Newburyport residents are insisting the Massachusetts state flag and seal are symbols of the legacy of white supremacy that must be replaced. They have gone so far as to demand action from the City Council.
On Feb. 27, the council received the notice asking them to pledge support to the Special Commission Relative to the Seal and Motto of the Commonwealth, according to a report by the Newburyport Daily News.
The resolution was sent to the General Government Committee after a 9-2 vote, according to Fox News. The opposition was from Ward 1 Councilor Sharif Zeid and Ward 5 Councilor Jim McCauley.
Zeid said there are other priorities that the city needs to attend to and that this is not “the right expenditure of time,” according to the Newburyport Daily News.
Per the report, residents Marianna Vesey and Linda Lu Burciaga are the two championing the initiative. They said 55 municipalities have undertaken the cause, adopting the changes. They also said other municipalities – including Amesbury, West Newbury, and Salisbury – are weighing whether to make the changes.
According to Fox News, Vesey claimed the seal asserts that white people are “in charge of this world and that we have to subdue the Native American people.”

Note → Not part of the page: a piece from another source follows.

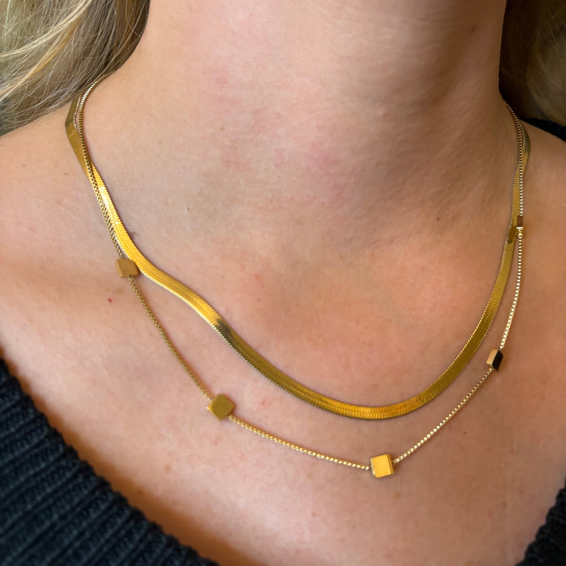 With small polished square links that glisten and shine in the light, wear alone for a refined, minimalist look or layer effortlessly with other necklaces.

And “One of the reasons that we can ignore this so easily is that our white supremacy culture has really allowed for the disappearance of the Native American world,” she said. “We’re really trying to say that they are not gone. They are here among us, and we really need to not only recognize that but to honor it.”
Burciaga told the outlet the flag and seal depicting a white hand holding a colonial sword over the head of a Native American is “problematic.”
“The belt was patterned by the illustrator after the red flannel belt of (Wampanoag leader) Metacomet who was the leader of the first native war of resistance against English colonization,” said Burciaga. “His severed head was impaled on a pike and displayed in Plymouth for more than 20 years as a war trophy.”
Burciaga has advocated for schools to teach “true history” about the state and Native American culture.
“Most of these schools are not teaching our youth about our true history in the state,” she added. “The use of mascots and also the cultural appropriation of some of the Native American artifacts and whatnot that have been taken from them. This is not just a symbolic ‘Get rid of the state seal and flag or change Columbus Day to indigenous Peoples’ Day’ thing. This also includes something that we should be doing for the rest of our lives, including education.”
Vesey said, “There’s also goes along with getting rid of mascots that are associated with Native Americans. It’s all part of that racist culture that we’re finally trying to address.”
She admits this new venture stemmed from a successfully changing Columbus Day to Indigenous People’s Day, according to the Newburyport Daily News.